#NPIM Test Model - Nell (without pre-trained Model)

38 messages · Page 1 of 1 (latest)

graceful pumice
#

One of the questions many people have wondered about for a long time is, 'Is it possible to create a model without using a pre-trained model?' Recently, I haven't been able to focus much on this due to numerous modifications that needed to be made, but I can finally provide an answer.

As the name suggests, NPIM stands for Non-Pretrained Independent Model. This means that this model is created purely from the voice data of the model itself, without the use of any pre-trained models.

While it may not be efficient in many ways, it is possible if you have sufficient data. However, it requires a tremendous amount of time and data. Due to its inefficiency, using a pre-trained model is probably better for your mental well-being. Additionally, in most cases, lowering the index value allows the model to refer to data from the pre-trained model, enabling it to infer even when the model's own data is lacking. However, since this model is trained solely on its own dataset, in some cases, a higher index value may be required to reduce artifacts.

Because the dataset is entirely composed of Korean, artifacts may occur in some pronunciations that are difficult to produce in Korean.

**Info **
Dataset : 275 mins (4.35 Hours) [Normal / Angry / Sad / Shout / Sing]
Batch Size : 16
f0 method : RVMPE
Total Epochs : 4200+ Epochs / 185000+
Sample Rate : 48khz
VA : Chung Ah Han

Model Link - https://huggingface.co/SeoulStreamingStation/RVC_Voice_Models/resolve/main/Nell_Test_NPIM.zip?download=true

sharp fulcrumBOT
#
Rate the model

To rate this model, either use /rate or click the buttons below.

sharp fulcrumBOT
graceful pumice
short ivy
#

for some reason the high ends look like static

graceful pumice
# short ivy for some reason the high ends look like static

When training a model without using any pre trained model, a very strong mirrored spectrum appears, where the upper and lower parts are flipped symmetrically. as training progresses, this mirroring effect gradually decreases. however, the problem I've consistently encountered is that if there isn't enough data, the model tends to overfit before reaching the point where this effect disappears. additionally, if you train the model with very clean and strong sounds at the early stages, high-frequency noise doesn't easily dissipate, and the strong sounds create severe harmonics due to the mirroring effect.

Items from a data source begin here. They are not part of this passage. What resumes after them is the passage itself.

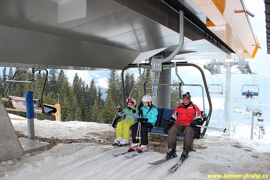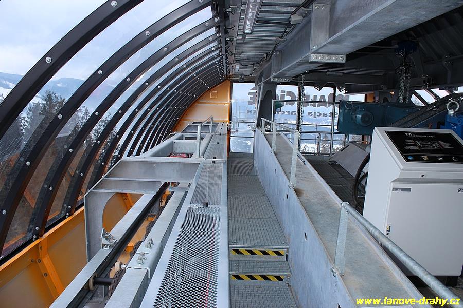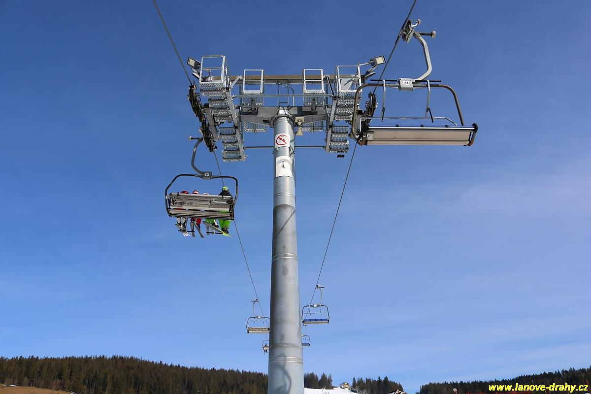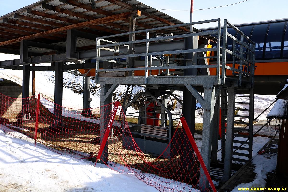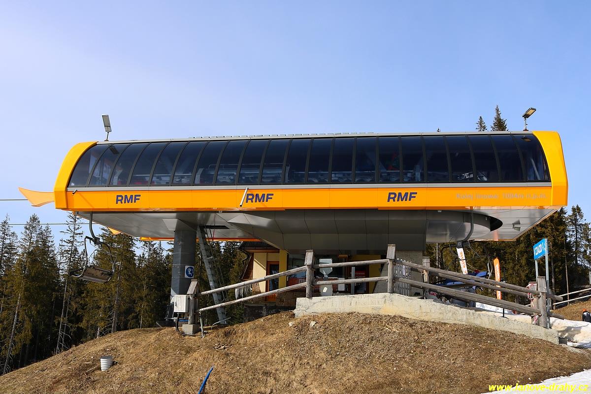 uchycením čtyřmístných sedaček a nástupním pásem |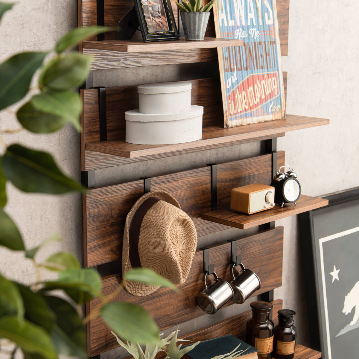 インテリア性が高く、おしゃれな木目調シート仕様。リビングや玄関などの飾り棚におすすめです。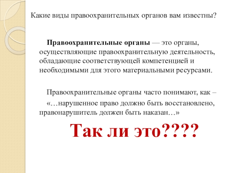 Слайд 16Какие виды правоохранительных органов вам известны?
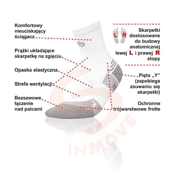 Skarpetki przeznaczone do intensywnego uprawiania sportu, dopasowane do anatomicznego kształtu lewej (L) i prawej (R) stopy. Na śródstopiu znajduje się opaska elastyczna, zapobiegająca przesuwaniu się skarpetki nawet podczas gwałtownych ruchów. Trójwarstwowa dzianina frotte chroni części stopy narażone na otarcia lub urazy. Przewiewna dzianina nad stopą ułatwia oddychanie i odprowadzanie ciepła. LYCRA® w całym wyrobie zapewnia znakomite przyleganie do nogi. Odpowiednio wyprofilowana dzianina na pięcie (kształt "Y") doskonale przylega do stopy i stabilizuje ją. Bezszwowe łączenie zapewnia maksymalny komfort, zapobiegając powstawaniu otarć nad palcami, nawet w ekstremalnych warunkach. Zawartość srebra w przędzy PROLEN® SILTEX sprawia, że skarpetki pełnią rolę dezodorantu. Unikalne antybakteryjne i antygrzybicze działanie srebra zapobiega powstawaniu przykrego zapachu podczas użytkowania i zapewnia maksymalną higienę i komfort użytkowania skarpetek.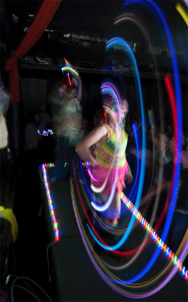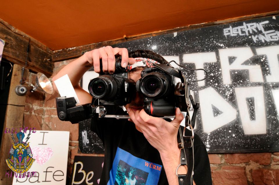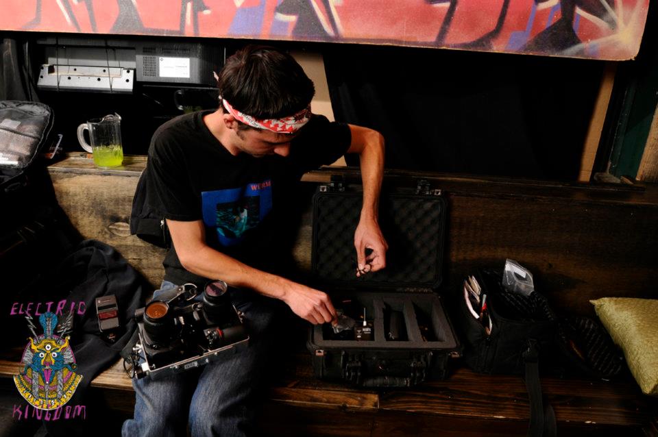 It’s time once again to share with everyone my photos from Electric Kingdom. If you are new around these parts, Electric Kingdom is a monthly electronic music and live art party here in Flagstaff, Ariz. As usual you can check out all my roaming shots by heading over to the EK Facebook page here… However, this month was a little different. Last month I did a series of portraits in glorious 3-D, which you can view here… These were shot on two tripods, with the focal length marked in the dirt and were generally static and tedious to shoot. Never one to be satisfied, I decided to try and build a bracket that would allow me to shoot two professional dslr’s at the same time with off camera flash at the night club (or really anywhere). I thought the motion and blurry lights would lend themselves to 3-D very well, and generally they did, but the rabbit hole went deeper than I had anticipated…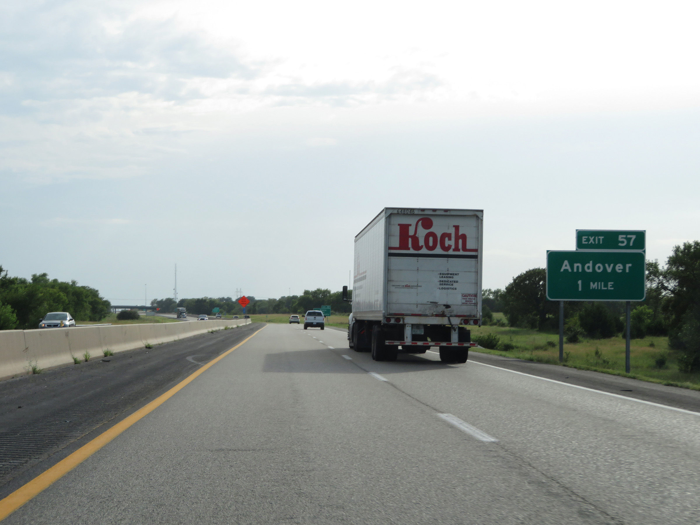 Interstate 35 South (Kansas Turnpike) as it enters Butler County. (Photo taken 8/10/20). |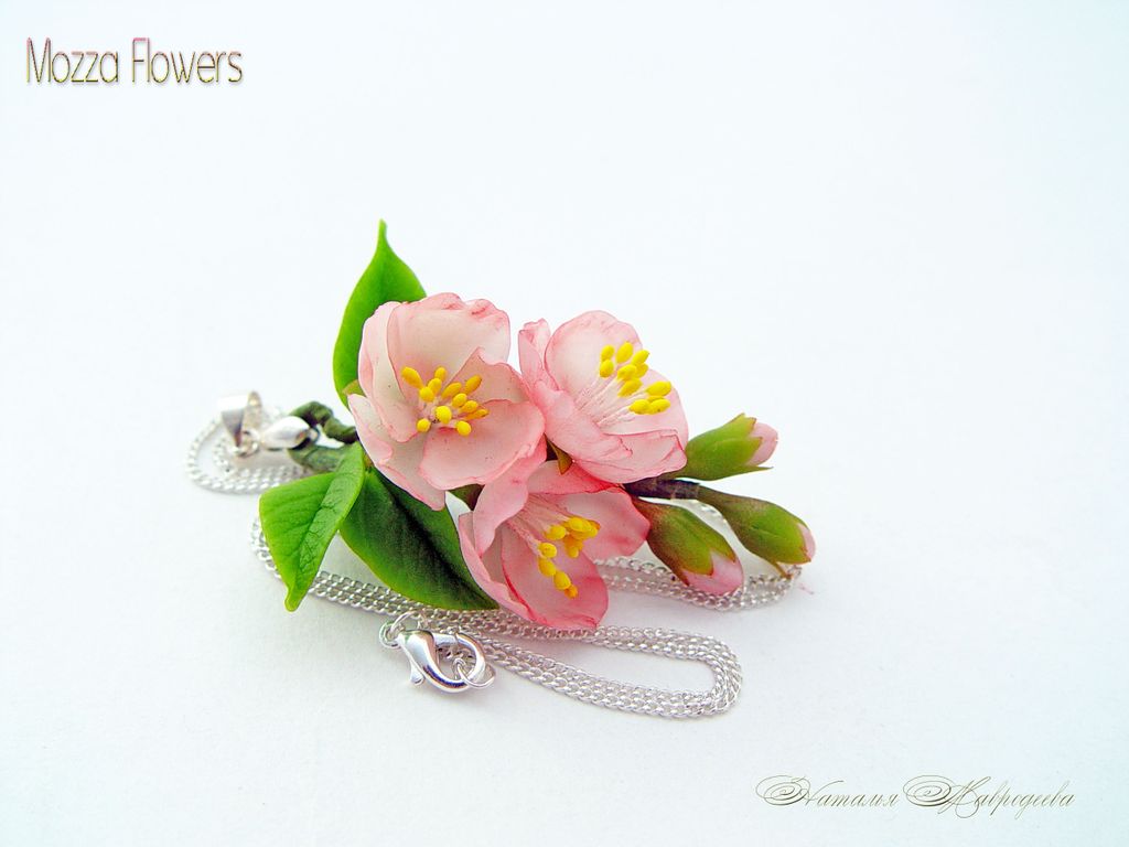 Кулон с цветами розовой яблони слеплен лепесток за лепестком из полимерной глины (холодный фарфор) и тонирован масляными красками полностью вручную.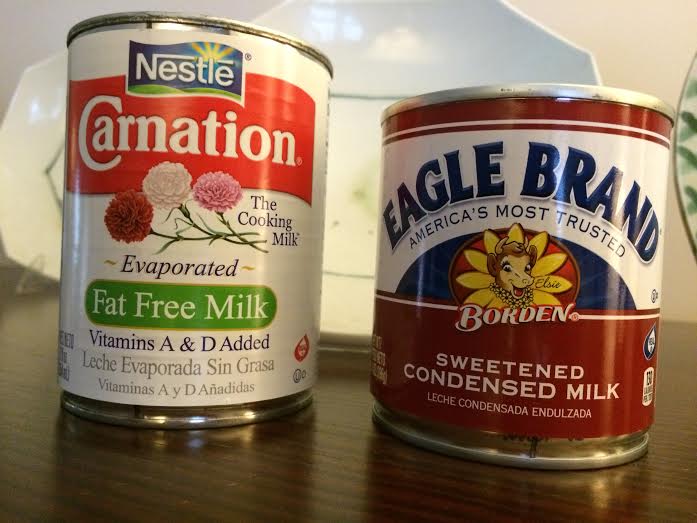 I grew up seeing a can of sweetened condensed milk sitting, opened with its metal lid hinged upward, on the counter next to my Aunt Helen’s coffee pot. She liked a spoon of it in her coffee, instead of sugar and regular milk, to create the perfect café au lait. I also have strong memories of seeing my cousin Penny eating the condensed milk out of the can with a spoon. We didn’t use it at home; my parents drank their coffee black with sugar, until much later in life when my dad started adding a bit of milk from the fridge to his coffee. And, since my mother was not much of a baker, we didn’t regularly have it around for making desserts.

On the other hand, when training with voices that have a soft, mid-to-low tone and datasets that still retain some noise (ensuring all data that could influence the entire spectrum is preserved), the inverted mirroring effect tends to resolve more quickly. moreover, as the amount of data increases—not just in volume, but in variety—the model can continue training safely without falling into an overfitting state, until the mirroring effect is fully eliminated. therefore, I believe it's crucial to carefully calculate the batch size and the amount of data. of course, since it's difficult for me to do this precisely, I've been manually adding and removing data to test the results. fortunately, the models currently in training (KLM4.2 48khz and 32khz) show almost no upper-spectrum mirroring patterns

#

If that mirroring pattern isn't removed from the pre-trained model, it will remain permanently when training with regular models. If you fine-tune a model with that pattern still present, the inverted pattern will continue to appear throughout the model's output

short ivy
#

by sync i mean, do you have tensorboard log steps per epoch instead of just having it log per 200 steps

graceful pumice
#

yes, I did. actually applio did for me. 🙂

short ivy
#

just to make sure

graceful pumice
#

oh I'll show you later if you don't mind. I can't stop right now because I have a model currently in training

#

I'll send you DM. 🙂

short ivy
#

on tensorboard

short ivy
cedar egret
#

I think it's cool a model can be trained off of purely the audio

restive ruin
#

4200 epochs for a 275 min data? impossible.

#

unless its how it works

#

also one of my deepest thoughts has been anwsered thanks to dis haha

hoary root
restive ruin
hoary root
civic crane
#

how do you do training without any pretrained like OG or custom in mainli RVC ? @graceful pumice

graceful pumice
restive ruin
#

hmmm

#

if its possible, if someone can, test inferencing a model with index ratio to 2

#

probably model will have convulsations or idk xD

cedar egret
restive ruin
short ivy
#

Well you use 1 u are relying 100% on the dataset more than the input

#

Can't go over that

restive ruin
#

So it isn't possible to use negative index or more than 1

lucid doveBOT
#
Model Ready ✅

This model has been synced with Weights and is ready to use for free!